Your instructions: Make an exact copy of the listing, without images.

[Start of section]

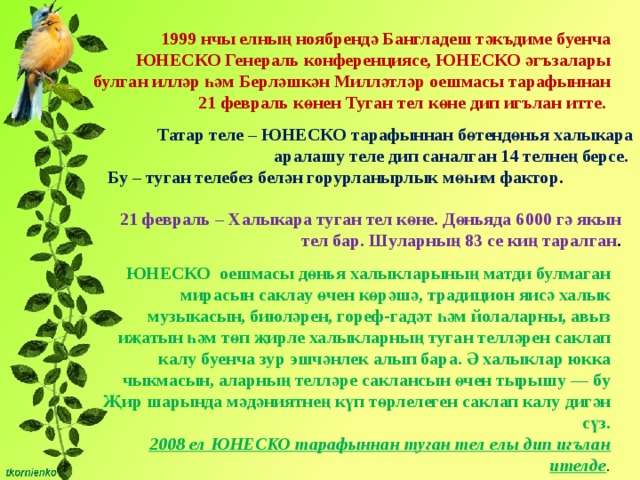 Международный день родного языка, провозглашенный Генеральной конференцией ЮНЕСКО в ноябре 1999 года, отмечается каждый год с февраля 2000 года для содействия языковому и культурному разнообразию и многоязычию. Этот праздник не только объединяет, но и сближает различные национальности. Каждый народ воспевает свой родной язык! И по этому случаю было проведено мероприятие совместно с учениками первого класса.
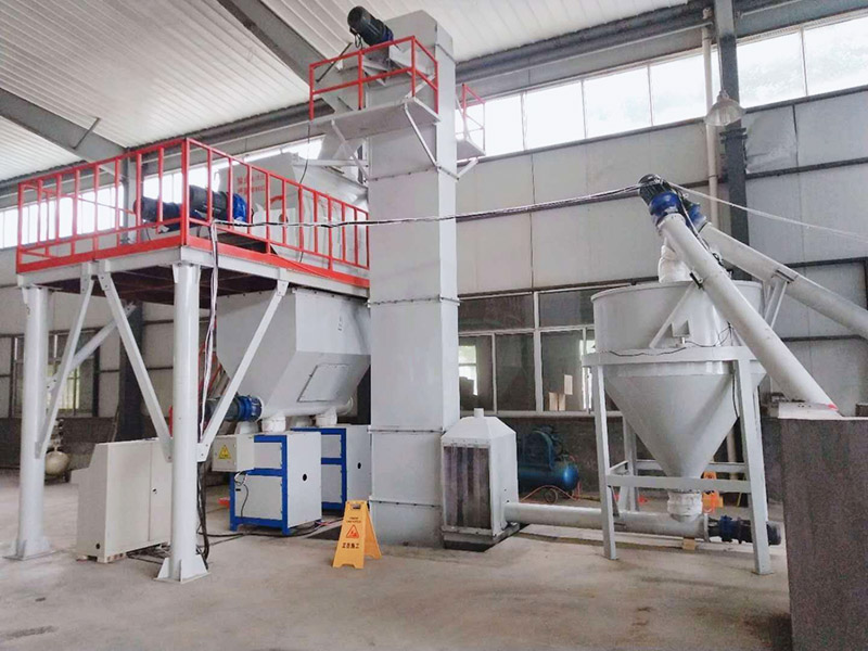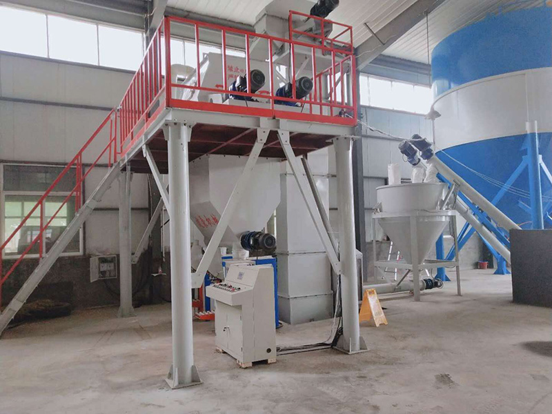 简易型、半自动型、全自动型三种。简易型主要由无重力混合机、干粉料仓、包装螺旋等构成。该生产线投资少,见效快,但产量低,且人工消耗特别大,工作环境含尘量较高,适合投资初期购买。半自动型主要由无重力混合机、成品料仓、包装机、斗式提升机、待混仓、除尘器、空压系统、控制系统等构成。该生产线投资较简易型较大,但产量高、工作环境好,且可拓展性好,适合大部分投资人士选购。全自动型主要由混合系统、储料系统、输送系统、提升系统、称量系统、待混系统、包装系统、除尘系统、料位控制系统、报警系统、空压系统、整机控制系统等构成。商品砂匮乏的地区,可以增配破碎系统、筛分系统、烘干系统。该生产线投资大,一步到位,投资风险大,适合建在墙体保温基础较好的大中型城市。
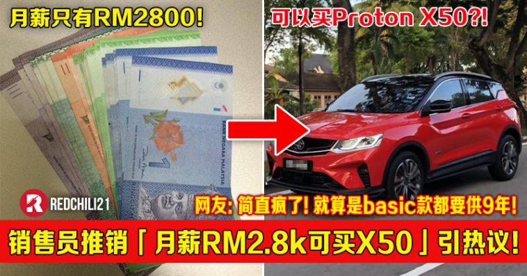 汽车销售员推销「月薪RM2800可买Proton X50」引热议!网友:简直疯了!就算是basic款都要供9年!
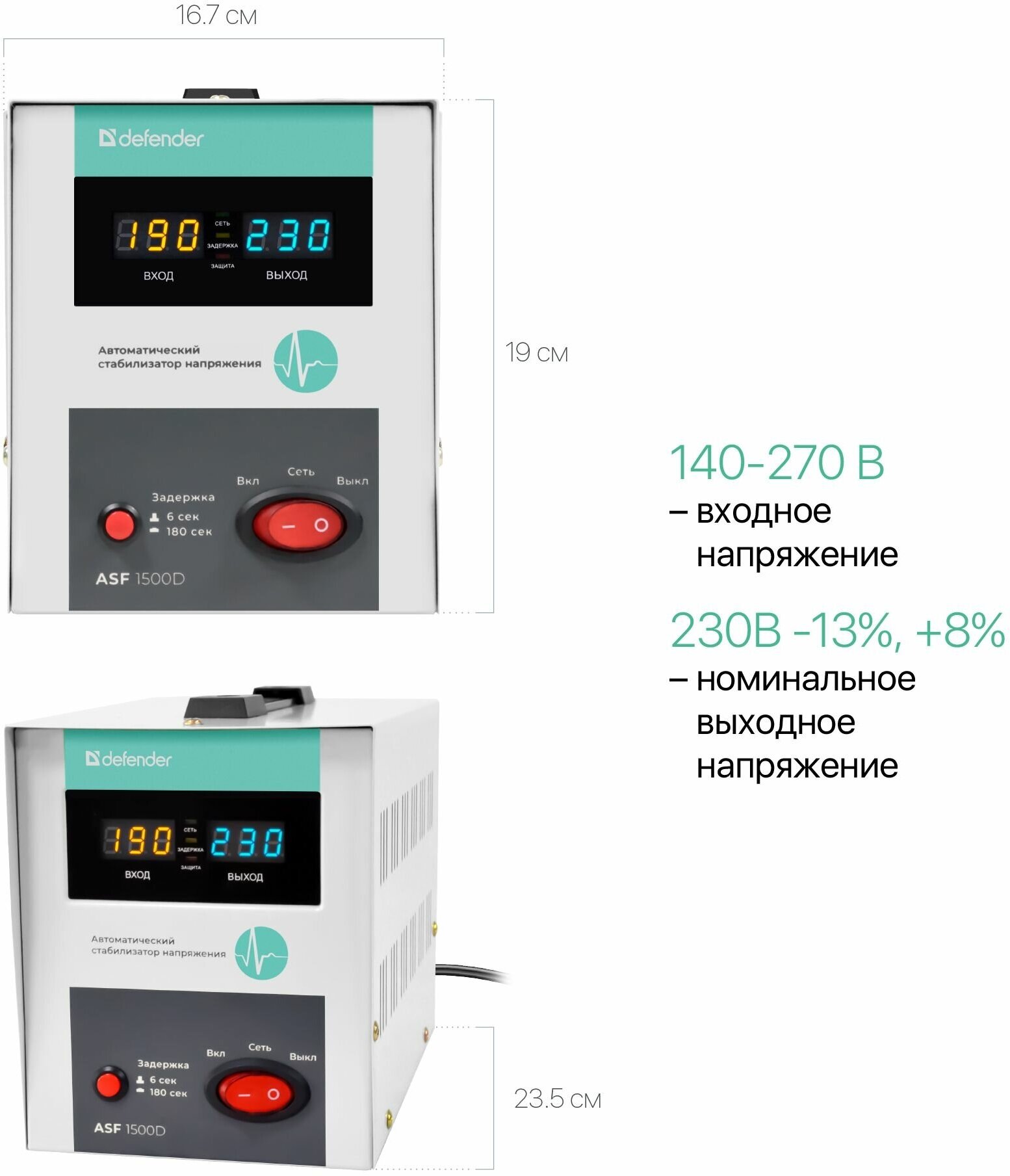 Стабилизатор напряжения Defender ASF 1500D напольный 900 Вт, 2 розетки
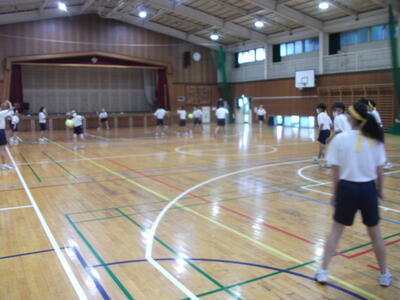 放課後のバレー部です。今週末に葛北大会を控えておりますが、3年生の引退セレモニーを行っていました。涙々のセレモニーだったようで、笑顔の中にも子ども達の泣きはらした目が印象的でした。それだけ、3年生の4人の部員が、後輩に慕われており、たくさんの後輩の部員も3年生を頼りにしていたということがとても強く伝わってきました。土曜日の大会では、3年生は全力で後輩を引っ張り、悔いのない試合をしてほしいと思います。
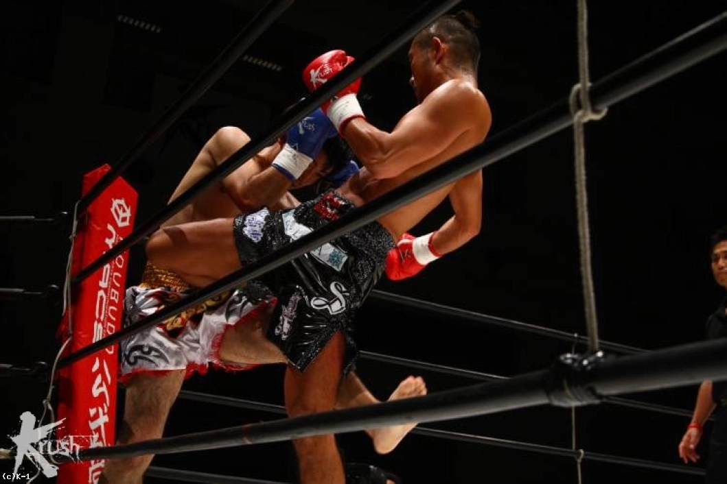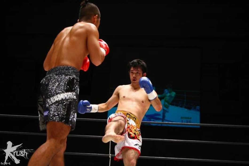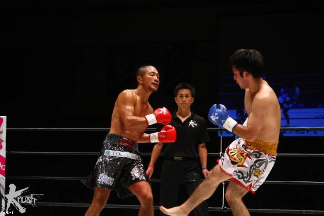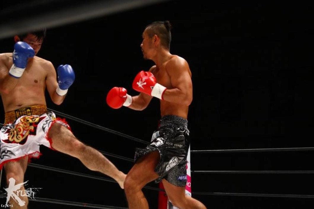 2R、中村はやはり前蹴りで距離を調整しながら、右ストレート、左フック、右フックと重みのあるパンチを打ち込む。これに対しHIROYUKIは中村にローを打ち込み、やはりパンチの合間にフックを返す。そしてこの右フックを中村の右ヒザにタイミングよく決め、中村からダウンを奪う。苦笑いを浮かべる中村。

[End of section]

Result below:
 Международный день родного языка, провозглашенный Генеральной конференцией ЮНЕСКО в ноябре 1999 года, отмечается каждый год с февраля 2000 года для содействия языковому и культурному разнообразию и многоязычию. Этот праздник не только объединяет, но и сближает различные национальности. Каждый народ воспевает свой родной язык! И по этому случаю было проведено мероприятие совместно с учениками первого класса.
 简易型、半自动型、全自动型三种。简易型主要由无重力混合机、干粉料仓、包装螺旋等构成。该生产线投资少,见效快,但产量低,且人工消耗特别大,工作环境含尘量较高,适合投资初期购买。半自动型主要由无重力混合机、成品料仓、包装机、斗式提升机、待混仓、除尘器、空压系统、控制系统等构成。该生产线投资较简易型较大,但产量高、工作环境好,且可拓展性好,适合大部分投资人士选购。全自动型主要由混合系统、储料系统、输送系统、提升系统、称量系统、待混系统、包装系统、除尘系统、料位控制系统、报警系统、空压系统、整机控制系统等构成。商品砂匮乏的地区,可以增配破碎系统、筛分系统、烘干系统。该生产线投资大,一步到位,投资风险大,适合建在墙体保温基础较好的大中型城市。
 汽车销售员推销「月薪RM2800可买Proton X50」引热议!网友:简直疯了!就算是basic款都要供9年!
 Стабилизатор напряжения Defender ASF 1500D напольный 900 Вт, 2 розетки
 放課後のバレー部です。今週末に葛北大会を控えておりますが、3年生の引退セレモニーを行っていました。涙々のセレモニーだったようで、笑顔の中にも子ども達の泣きはらした目が印象的でした。それだけ、3年生の4人の部員が、後輩に慕われており、たくさんの後輩の部員も3年生を頼りにしていたということがとても強く伝わってきました。土曜日の大会では、3年生は全力で後輩を引っ張り、悔いのない試合をしてほしいと思います。
 2R、中村はやはり前蹴りで距離を調整しながら、右ストレート、左フック、右フックと重みのあるパンチを打ち込む。これに対しHIROYUKIは中村にローを打ち込み、やはりパンチの合間にフックを返す。そしてこの右フックを中村の右ヒザにタイミングよく決め、中村からダウンを奪う。苦笑いを浮かべる中村。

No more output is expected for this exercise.